Bernerzeitung.ch hat die schwarze Liste dem Freiburger Strafrechtsprofessor Marcel Niggli unterbreitet. Dieser kommt zum Schluss, dass das Flugblatt zwar hetzerisch und stark fremdenfeindlich, aber wohl mit dem heutigen Strafrecht gegen Rassismus kaum zu ahnden sei.

Kommission gegen Rassismus spricht von «Unwahrheiten»

Die Eidgenössische Kommission gegen Rassismus (EKR) stört sich an «verschiedenen Unwahrheiten», welche das Flugblatt transportiere: So gebe es ebenfalls Täter, die Schweizer seien, diese seien aber nicht aufgeführt und abgebildet, moniert die EKR. Zudem behaupte die Pnos einfach, die abgebildeten Täter seien verantwortlich für Straftaten, bei denen Schweizer die Opfer gewesen seien.

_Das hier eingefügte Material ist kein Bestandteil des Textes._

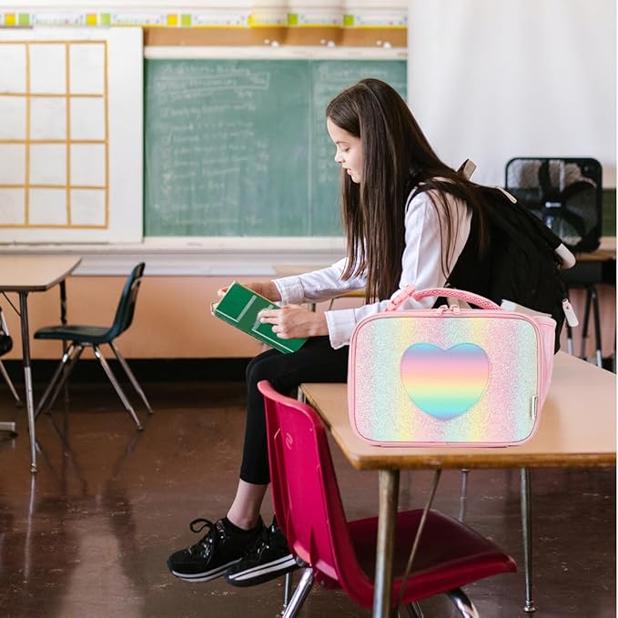 Insulated Lunch Box for School, Thermal Reusable Durable Freezable Lunch Bags for Kids Boys Girls Men Women - Small Soft Cooler Portable Lunch Tote Kit for Work Picnic Travel,Rainbow Glitter

«Der Informationsgehalt der Broschüre ist sehr gering, während sie mit Absicht und äusserst suggestiv dazu verwendet wird, Angst und fremdenfeindliche Gefühle zu schüren», sagt EKR-Geschäftsführerin Doris Angst. In anderen Ländern, zum Beispiel Mitgliedstaaten der EU, wäre eine solche Publikation wohl verboten. «In der Schweiz ist sie es wohl leider nicht», so Angst. (Bernerzeitung.ch/Newsnet)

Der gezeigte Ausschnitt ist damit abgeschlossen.